When I read the Washington Times, whether online or in its traditional paper form, the first thing I do after scanning the headlines on page one is turn to John McCaslin's column, "Inside the Beltway." It's always got the best tidbits on the most interesting "stuff" of Washington, which is why many folks around the country now make it a regular stop on their daily reading list.
Recently, I hosted a book event for John McCaslin at the Heritage Foundation to introduce folks to his new book by the same name, "Inside the Beltway" ? a must-read for all those interested in the personalities and moves of "Washington types". Why would I host an event and dedicate a column to material not seen as "hard news"? Because most times you can learn more about the character of a person when they think no one is watching.
But John McCaslin is always watching, so to speak. The wild popularity of his column sends the best news his way via some 1,000 e-mails a day from his eyes and ears in Washington and beyond. Veteran journalist that he is, John only uses tips from trusted sources and/or items he can verify. And many of these great insights into the lives of the powerful are included in his book in more expansive form than the space allotted for his daily column.
There's something about John you should know: He's a perfect gentleman ? the type rarely seen anywhere these days, let alone in Washington. And he is a warm, attentive father to his beautiful and poised 16-year-old daughter, Kerry, who often accompanies him on speaking engagements. John's writing reflects his thoughtful, deliberate style ? a style that is thoroughly engaging, but never mean or crass.

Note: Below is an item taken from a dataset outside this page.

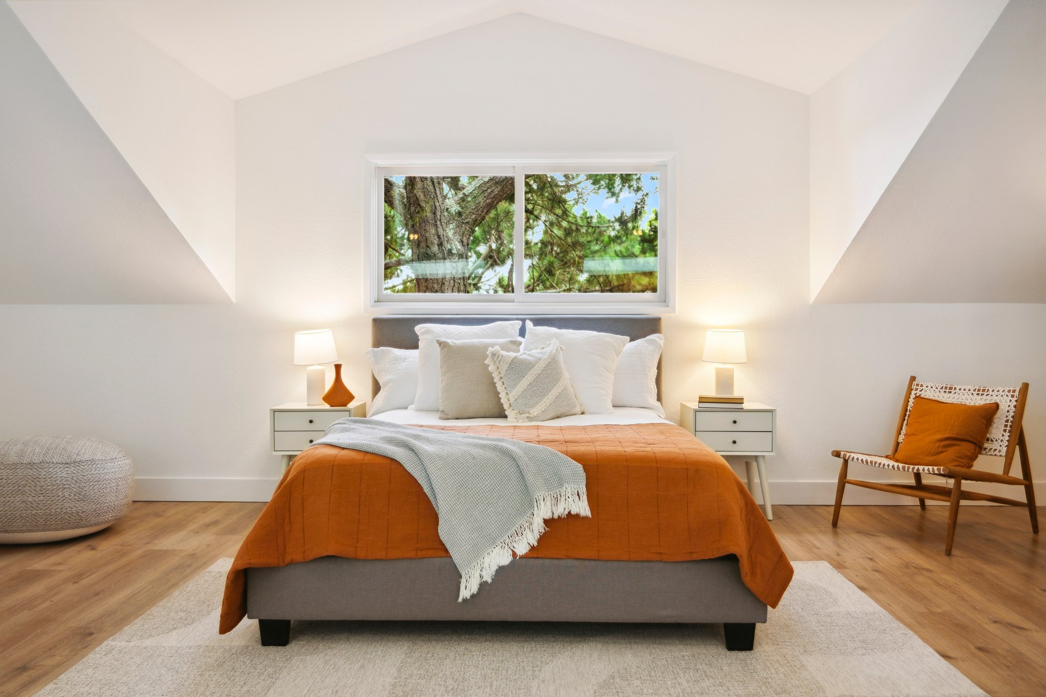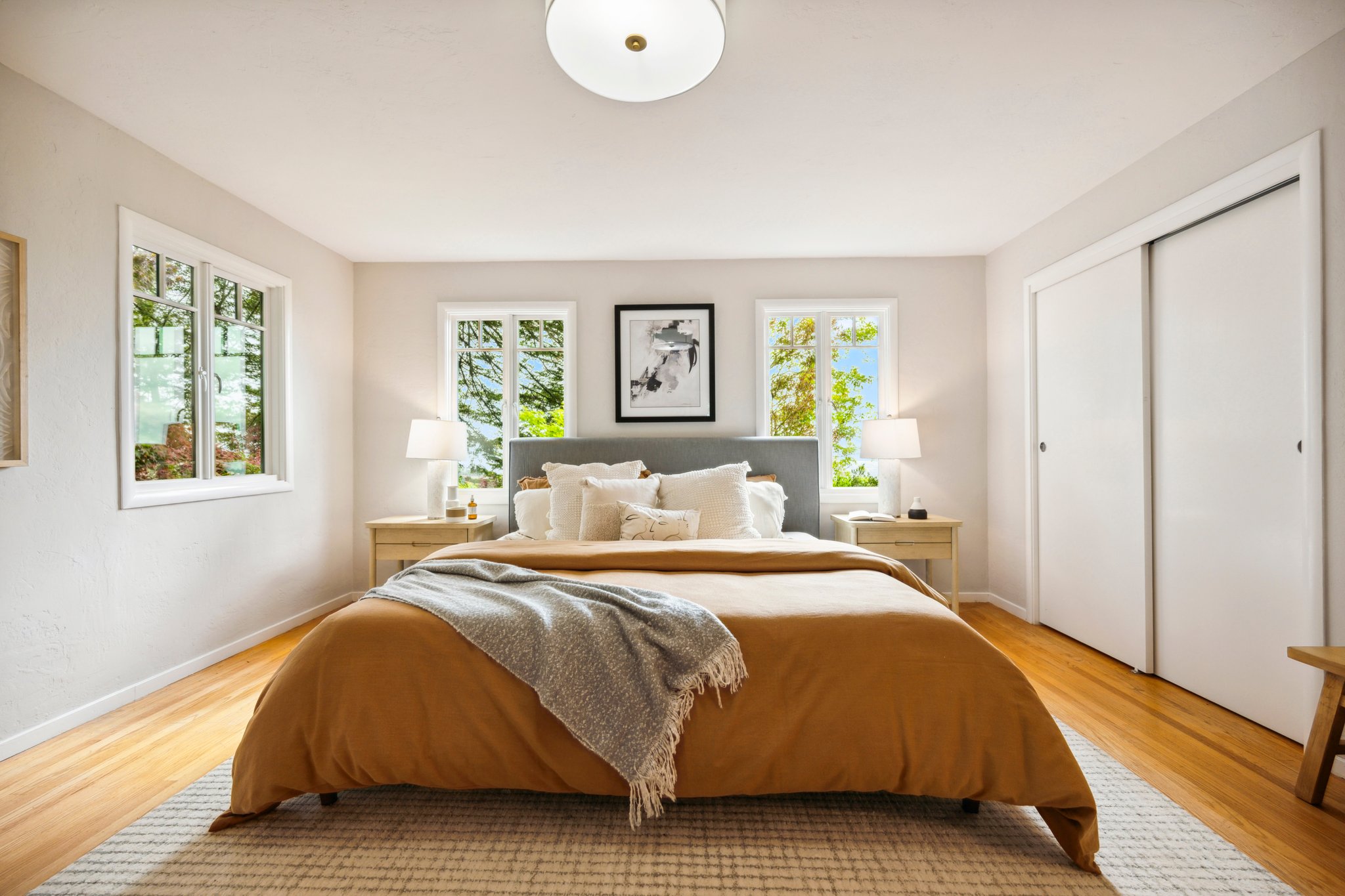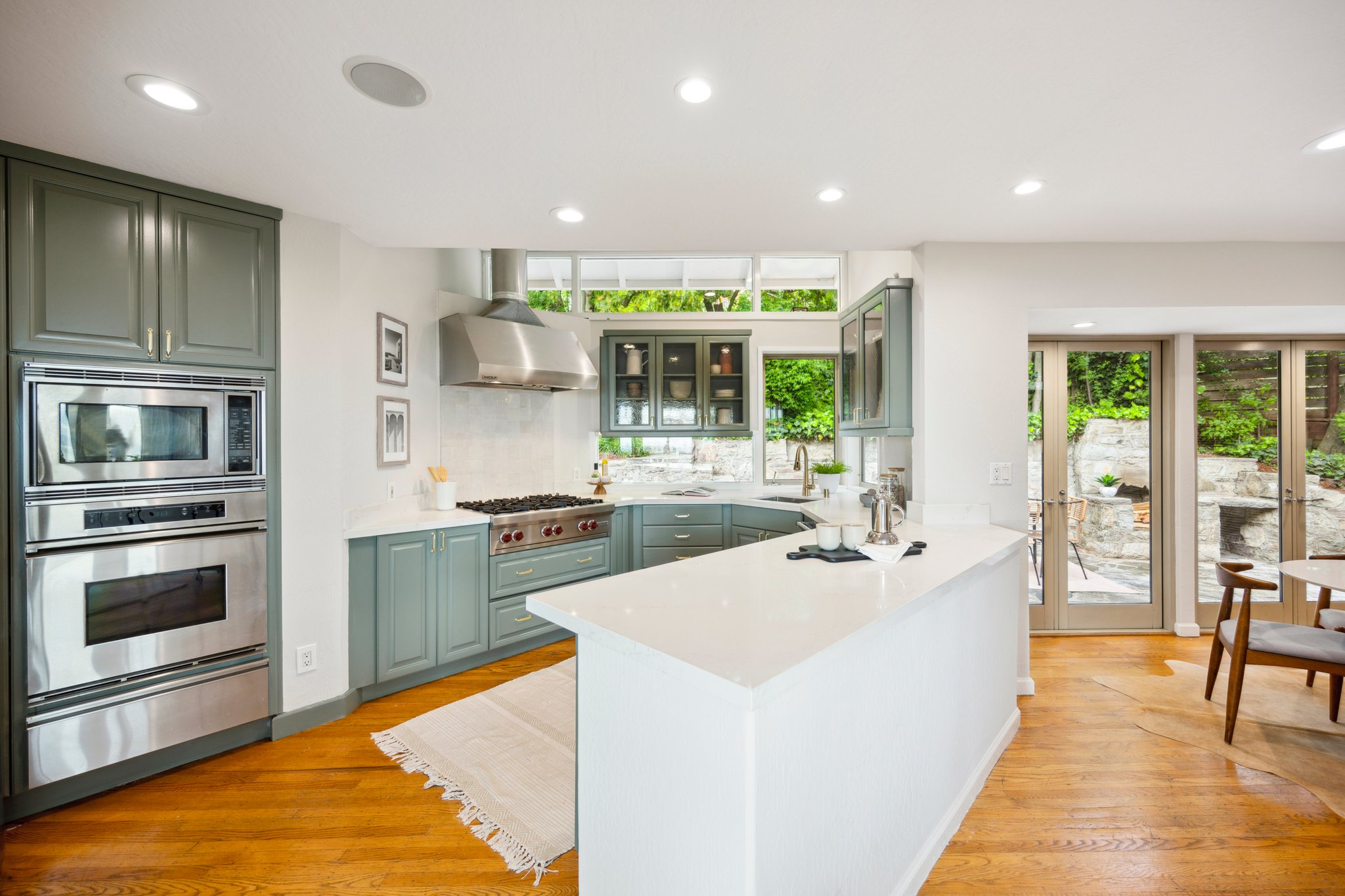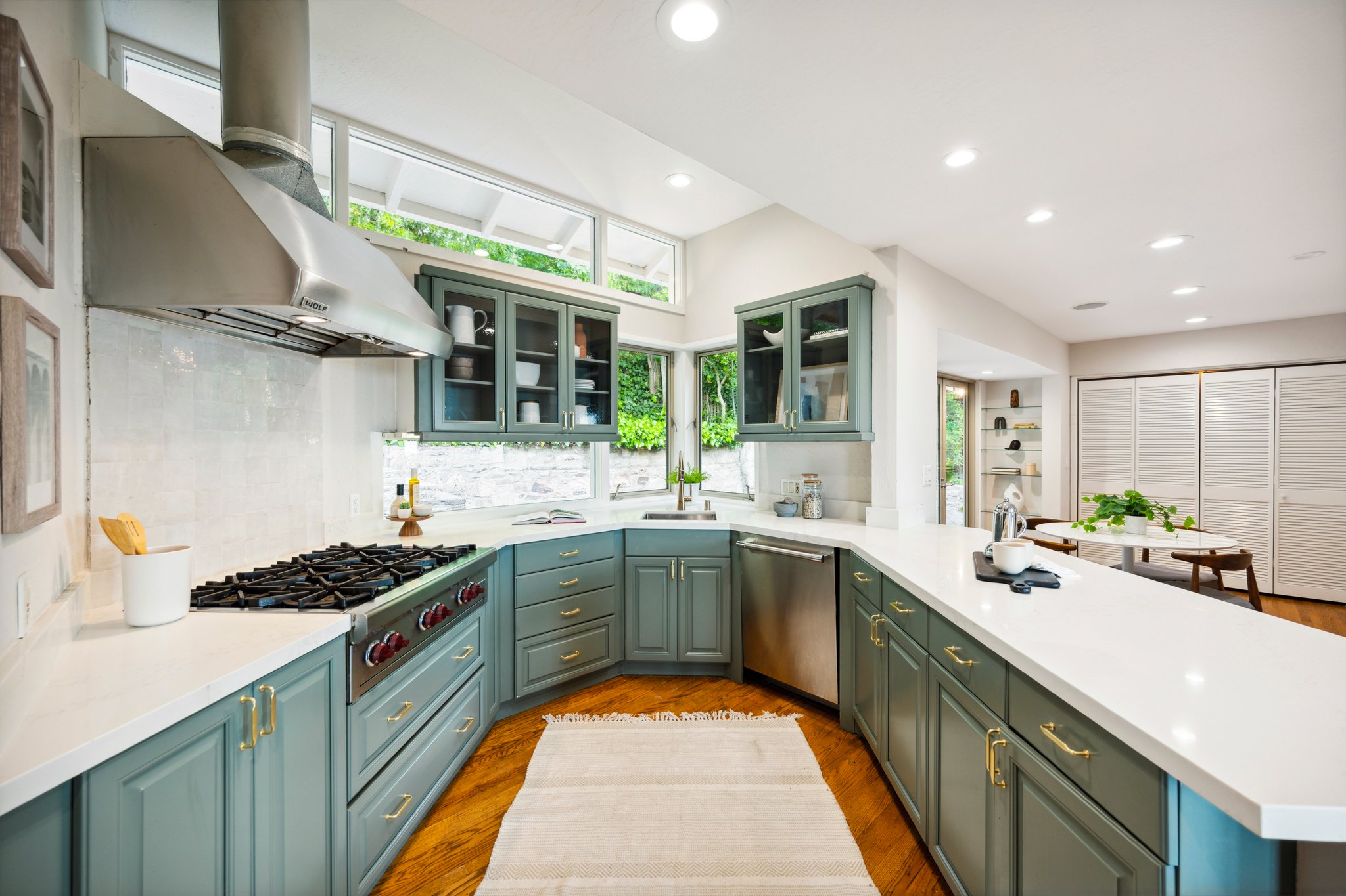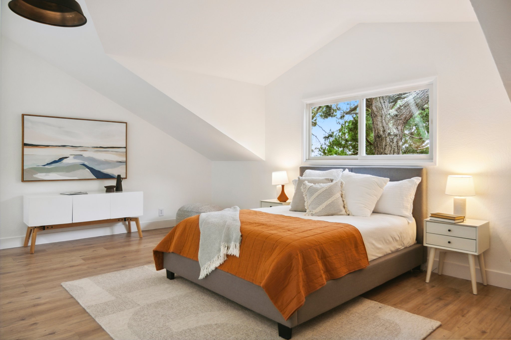 Vintage charm meets modern elegance in this brown shingle cottage offering stunning views of San Francisco and the Bay. One-level living with open floor plan and inviting living room featuring quintessential wood-paneled walls, San Francisco views and cozy fireplace. Renovated chef’s kitchen with quartz counters, designer backsplash and Wolf range that overlooks charming private patios. Adjacent dining room with picture window offers dramatic sunsets over the Bay, promising to inspire evenings of lively conversation.

He simply collects the type of information a lot of reporters miss, the kind that gives insight into what type of person they're covering, and reports it in a manner that creates a vivid snapshot of the scene in your mind. As the popularity of McCaslin's column demonstrates, if you are known for collecting enough accurate "inside" information and sharing it in a manner that is useful, folks come to respect, trust and rely on you for the "real scoop."